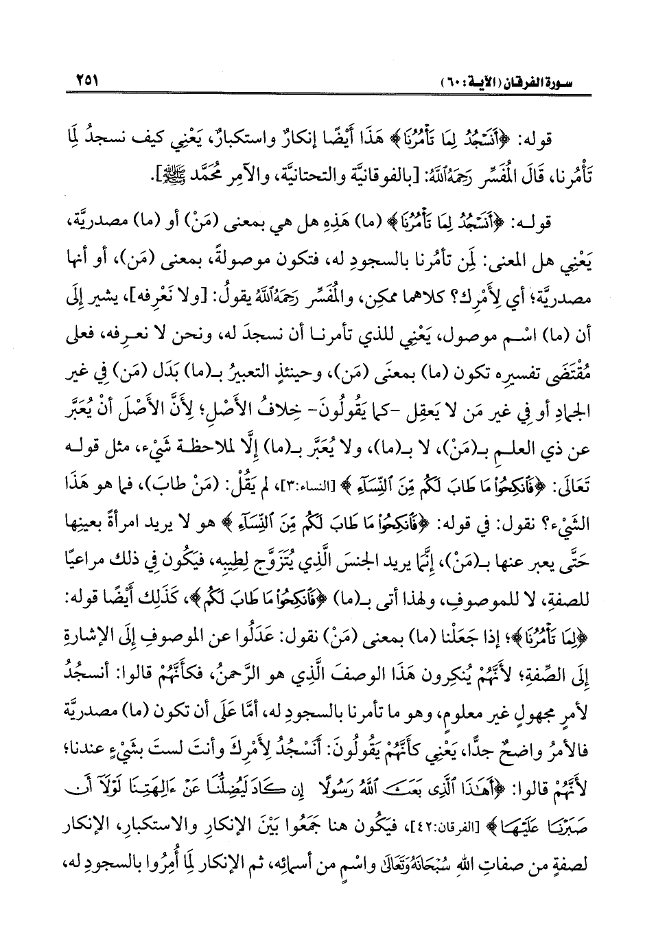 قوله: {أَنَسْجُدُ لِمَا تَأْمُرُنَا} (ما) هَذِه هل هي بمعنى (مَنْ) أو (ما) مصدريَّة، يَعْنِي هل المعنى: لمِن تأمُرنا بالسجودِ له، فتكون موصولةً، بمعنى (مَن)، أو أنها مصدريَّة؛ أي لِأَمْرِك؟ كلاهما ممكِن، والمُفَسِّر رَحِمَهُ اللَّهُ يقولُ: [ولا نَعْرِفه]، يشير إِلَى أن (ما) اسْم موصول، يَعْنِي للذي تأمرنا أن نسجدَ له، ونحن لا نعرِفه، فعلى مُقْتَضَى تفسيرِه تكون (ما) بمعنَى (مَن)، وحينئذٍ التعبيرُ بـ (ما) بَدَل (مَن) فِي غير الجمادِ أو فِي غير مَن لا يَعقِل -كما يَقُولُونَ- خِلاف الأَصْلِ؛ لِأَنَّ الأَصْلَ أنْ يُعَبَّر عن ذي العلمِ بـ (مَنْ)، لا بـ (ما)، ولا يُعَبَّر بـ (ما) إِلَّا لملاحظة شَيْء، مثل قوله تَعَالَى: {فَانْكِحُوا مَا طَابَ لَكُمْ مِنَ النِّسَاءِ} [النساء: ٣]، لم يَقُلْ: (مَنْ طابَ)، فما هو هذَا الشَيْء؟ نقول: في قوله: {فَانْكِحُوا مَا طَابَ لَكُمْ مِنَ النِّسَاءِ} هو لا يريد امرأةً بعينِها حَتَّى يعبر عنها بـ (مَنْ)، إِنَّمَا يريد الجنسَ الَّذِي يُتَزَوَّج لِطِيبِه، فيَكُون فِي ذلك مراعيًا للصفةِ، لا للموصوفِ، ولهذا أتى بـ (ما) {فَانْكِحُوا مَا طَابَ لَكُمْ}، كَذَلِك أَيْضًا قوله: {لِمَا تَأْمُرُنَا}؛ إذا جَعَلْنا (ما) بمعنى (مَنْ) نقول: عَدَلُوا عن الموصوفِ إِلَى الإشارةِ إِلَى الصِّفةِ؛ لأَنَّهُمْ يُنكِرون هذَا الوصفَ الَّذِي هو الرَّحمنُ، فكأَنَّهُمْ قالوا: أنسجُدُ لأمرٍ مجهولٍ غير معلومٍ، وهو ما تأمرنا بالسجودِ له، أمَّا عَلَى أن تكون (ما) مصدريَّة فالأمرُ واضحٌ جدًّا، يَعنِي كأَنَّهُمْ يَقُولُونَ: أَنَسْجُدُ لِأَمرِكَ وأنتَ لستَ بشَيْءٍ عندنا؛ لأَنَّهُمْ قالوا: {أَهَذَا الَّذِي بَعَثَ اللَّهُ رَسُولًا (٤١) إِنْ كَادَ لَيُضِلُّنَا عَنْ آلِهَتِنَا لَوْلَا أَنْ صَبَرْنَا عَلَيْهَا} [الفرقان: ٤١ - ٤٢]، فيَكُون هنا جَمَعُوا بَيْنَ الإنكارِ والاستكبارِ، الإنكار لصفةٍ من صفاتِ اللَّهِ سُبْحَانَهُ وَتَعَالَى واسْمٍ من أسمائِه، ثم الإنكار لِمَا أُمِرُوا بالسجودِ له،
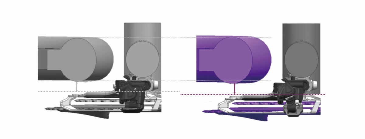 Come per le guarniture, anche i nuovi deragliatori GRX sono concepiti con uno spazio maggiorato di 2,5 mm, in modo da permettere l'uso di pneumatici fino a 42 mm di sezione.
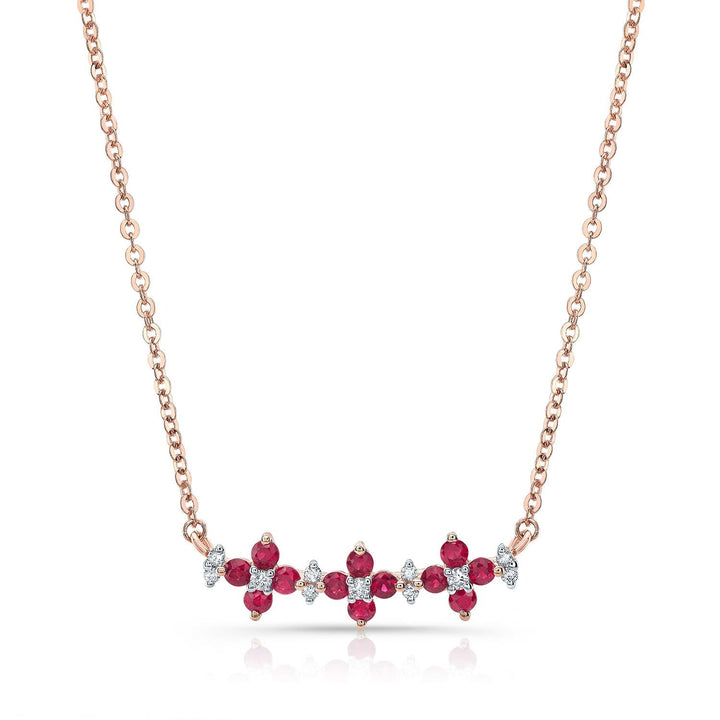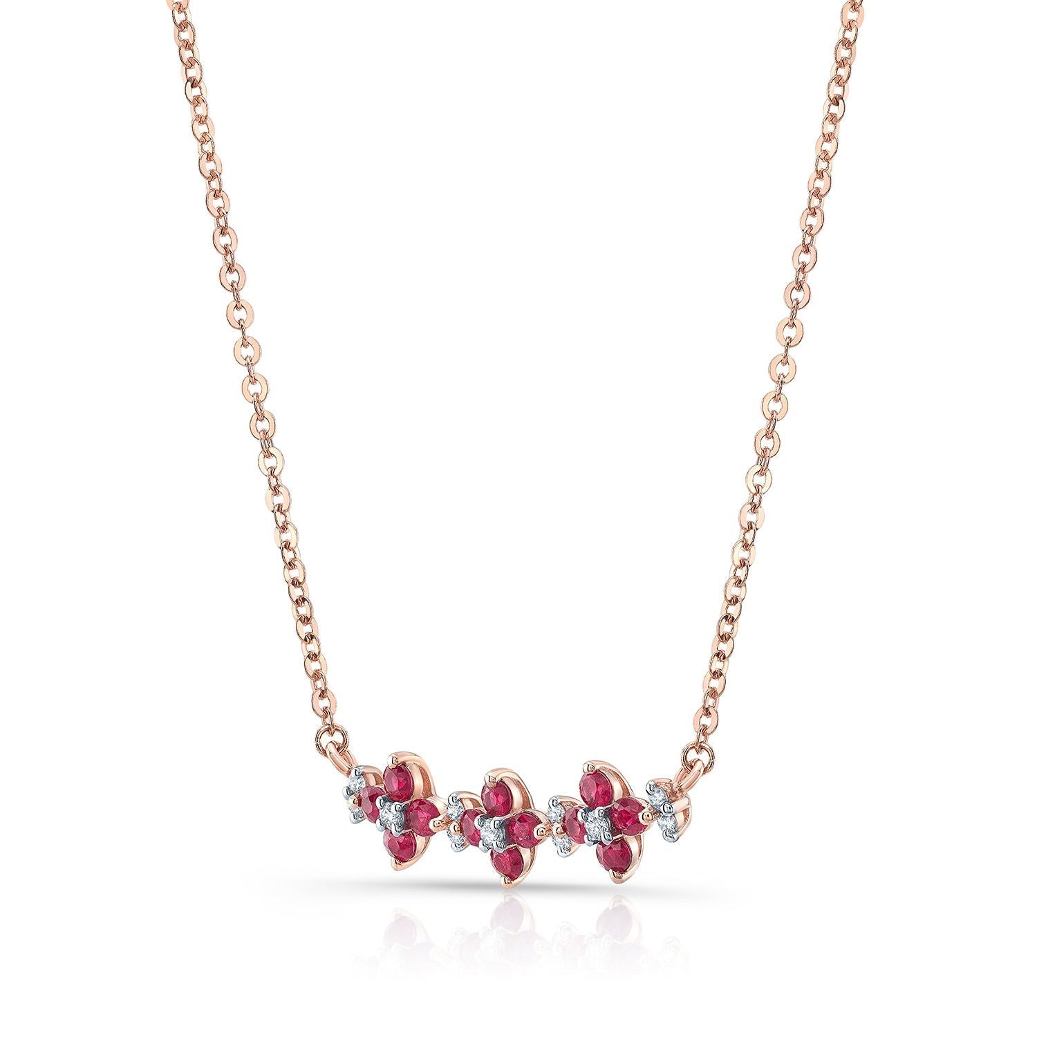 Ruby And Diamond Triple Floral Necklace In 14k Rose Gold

- - -

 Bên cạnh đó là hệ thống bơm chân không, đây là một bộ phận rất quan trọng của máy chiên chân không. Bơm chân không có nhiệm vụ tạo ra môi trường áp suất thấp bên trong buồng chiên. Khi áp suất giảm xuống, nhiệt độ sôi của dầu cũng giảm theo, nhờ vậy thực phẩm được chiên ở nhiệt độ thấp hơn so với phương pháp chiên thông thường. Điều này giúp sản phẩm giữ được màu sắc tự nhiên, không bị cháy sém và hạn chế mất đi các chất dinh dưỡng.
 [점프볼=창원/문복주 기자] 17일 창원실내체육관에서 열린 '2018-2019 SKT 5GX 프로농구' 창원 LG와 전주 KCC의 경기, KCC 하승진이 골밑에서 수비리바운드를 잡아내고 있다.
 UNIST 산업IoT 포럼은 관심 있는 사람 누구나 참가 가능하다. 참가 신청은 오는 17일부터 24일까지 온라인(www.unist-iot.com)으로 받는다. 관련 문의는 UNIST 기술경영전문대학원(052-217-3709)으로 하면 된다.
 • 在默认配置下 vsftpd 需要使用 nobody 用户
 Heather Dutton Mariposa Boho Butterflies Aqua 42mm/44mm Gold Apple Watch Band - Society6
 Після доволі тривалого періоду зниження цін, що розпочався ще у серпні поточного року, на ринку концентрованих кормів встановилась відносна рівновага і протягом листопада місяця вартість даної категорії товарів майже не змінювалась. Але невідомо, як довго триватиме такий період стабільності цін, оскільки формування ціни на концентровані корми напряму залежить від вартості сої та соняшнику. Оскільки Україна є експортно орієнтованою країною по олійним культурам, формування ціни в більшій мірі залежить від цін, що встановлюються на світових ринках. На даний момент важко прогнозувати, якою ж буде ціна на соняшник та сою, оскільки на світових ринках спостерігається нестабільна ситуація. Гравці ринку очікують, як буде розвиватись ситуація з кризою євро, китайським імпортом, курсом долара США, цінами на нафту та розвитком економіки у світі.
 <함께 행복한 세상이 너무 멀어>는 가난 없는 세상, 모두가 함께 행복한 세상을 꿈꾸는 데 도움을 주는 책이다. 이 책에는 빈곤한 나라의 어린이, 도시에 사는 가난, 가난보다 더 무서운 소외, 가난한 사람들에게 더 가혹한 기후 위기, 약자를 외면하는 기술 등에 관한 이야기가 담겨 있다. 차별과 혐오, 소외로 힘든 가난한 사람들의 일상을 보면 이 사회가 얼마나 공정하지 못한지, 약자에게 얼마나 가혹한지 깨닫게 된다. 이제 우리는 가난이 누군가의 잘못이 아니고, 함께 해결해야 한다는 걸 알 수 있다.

- - -

The problem:
Write out exactly the lines above between the line with "Bên cạnh đó" and the line with "Після доволі тривалого", inclusive, and nothing beyond them.

Written solution:
 Bên cạnh đó là hệ thống bơm chân không, đây là một bộ phận rất quan trọng của máy chiên chân không. Bơm chân không có nhiệm vụ tạo ra môi trường áp suất thấp bên trong buồng chiên. Khi áp suất giảm xuống, nhiệt độ sôi của dầu cũng giảm theo, nhờ vậy thực phẩm được chiên ở nhiệt độ thấp hơn so với phương pháp chiên thông thường. Điều này giúp sản phẩm giữ được màu sắc tự nhiên, không bị cháy sém và hạn chế mất đi các chất dinh dưỡng.
 [점프볼=창원/문복주 기자] 17일 창원실내체육관에서 열린 '2018-2019 SKT 5GX 프로농구' 창원 LG와 전주 KCC의 경기, KCC 하승진이 골밑에서 수비리바운드를 잡아내고 있다.
 UNIST 산업IoT 포럼은 관심 있는 사람 누구나 참가 가능하다. 참가 신청은 오는 17일부터 24일까지 온라인(www.unist-iot.com)으로 받는다. 관련 문의는 UNIST 기술경영전문대학원(052-217-3709)으로 하면 된다.
 • 在默认配置下 vsftpd 需要使用 nobody 用户
 Heather Dutton Mariposa Boho Butterflies Aqua 42mm/44mm Gold Apple Watch Band - Society6
 Після доволі тривалого періоду зниження цін, що розпочався ще у серпні поточного року, на ринку концентрованих кормів встановилась відносна рівновага і протягом листопада місяця вартість даної категорії товарів майже не змінювалась. Але невідомо, як довго триватиме такий період стабільності цін, оскільки формування ціни на концентровані корми напряму залежить від вартості сої та соняшнику. Оскільки Україна є експортно орієнтованою країною по олійним культурам, формування ціни в більшій мірі залежить від цін, що встановлюються на світових ринках. На даний момент важко прогнозувати, якою ж буде ціна на соняшник та сою, оскільки на світових ринках спостерігається нестабільна ситуація. Гравці ринку очікують, як буде розвиватись ситуація з кризою євро, китайським імпортом, курсом долара США, цінами на нафту та розвитком економіки у світі.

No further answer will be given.